Print the listing below exactly, images excluded.

Information supplied:
☆ ☆ ☆ ☆ ☆ ☆ ☆

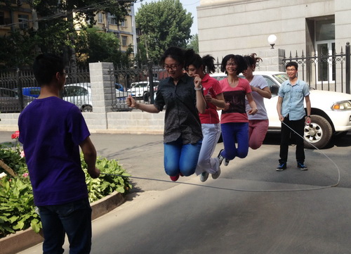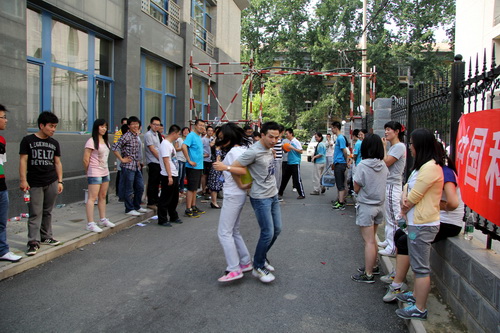 活动当日下午,新楼旁早早地聚满了参赛选手,积极进行热身等赛前准备。不惧炎炎烈日,同学们高昂的热情点燃了现场的气氛。此次运动会变“竞技”为“娱乐”,改“精英展现”为“全民参与”,大大地增加了运动会的参与度与趣味性。运动会共设置三个比赛项目:拔河比赛、背部夹球跑以及集体跳绳。首先由每个研究室选中10人参加的拔河比赛点燃了大家的激情,不仅赛场上竞争激烈,拉拉队的助威呐喊声更是震耳欲聋,新生代室一路所向披靡,摘得桂冠。之后由各研究室组成的参赛队进行了“背部夹球跑”以及“集体跳绳”趣味比赛,观众在一旁指点协助,大声助威,热闹非凡。
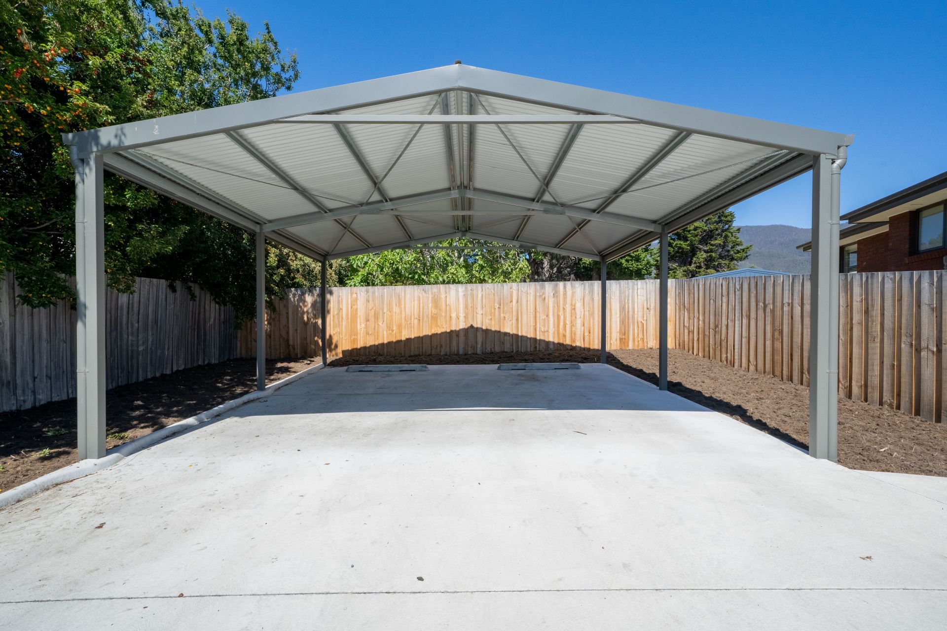 Sliding doors extend the living space outdoors to a fully fenced yard anchored by a stunning mature walnut tree that adds character and shade. Parking for two vehicles is provided via a double carport.
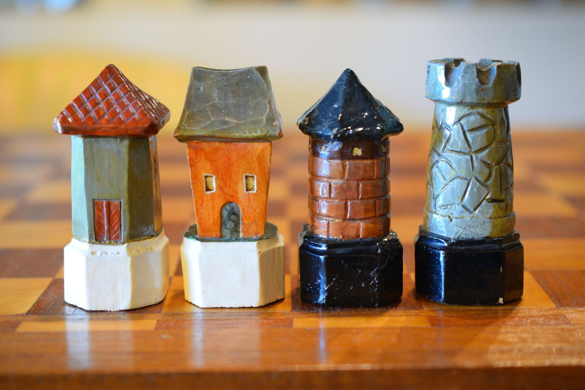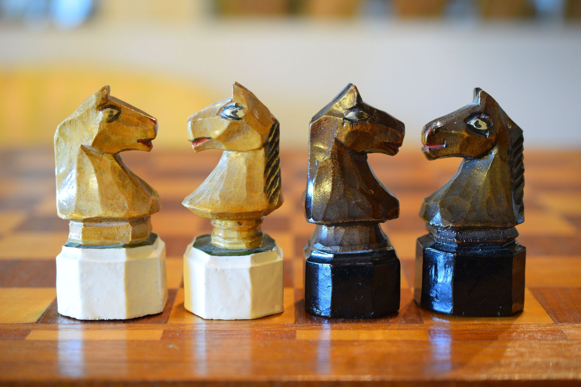 The pieces are carved from wood. The height of the king is 10 cm. In most chess sets, the knights are the most spectacular pieces. Here it is the other way round. With the exception of the knights, all the pieces are individual and different, only the knights are all carved in the same style.

☆ ☆ ☆ ☆ ☆ ☆ ☆

Expected answer:
 活动当日下午,新楼旁早早地聚满了参赛选手,积极进行热身等赛前准备。不惧炎炎烈日,同学们高昂的热情点燃了现场的气氛。此次运动会变“竞技”为“娱乐”,改“精英展现”为“全民参与”,大大地增加了运动会的参与度与趣味性。运动会共设置三个比赛项目:拔河比赛、背部夹球跑以及集体跳绳。首先由每个研究室选中10人参加的拔河比赛点燃了大家的激情,不仅赛场上竞争激烈,拉拉队的助威呐喊声更是震耳欲聋,新生代室一路所向披靡,摘得桂冠。之后由各研究室组成的参赛队进行了“背部夹球跑”以及“集体跳绳”趣味比赛,观众在一旁指点协助,大声助威,热闹非凡。
 Sliding doors extend the living space outdoors to a fully fenced yard anchored by a stunning mature walnut tree that adds character and shade. Parking for two vehicles is provided via a double carport.
 The pieces are carved from wood. The height of the king is 10 cm. In most chess sets, the knights are the most spectacular pieces. Here it is the other way round. With the exception of the knights, all the pieces are individual and different, only the knights are all carved in the same style.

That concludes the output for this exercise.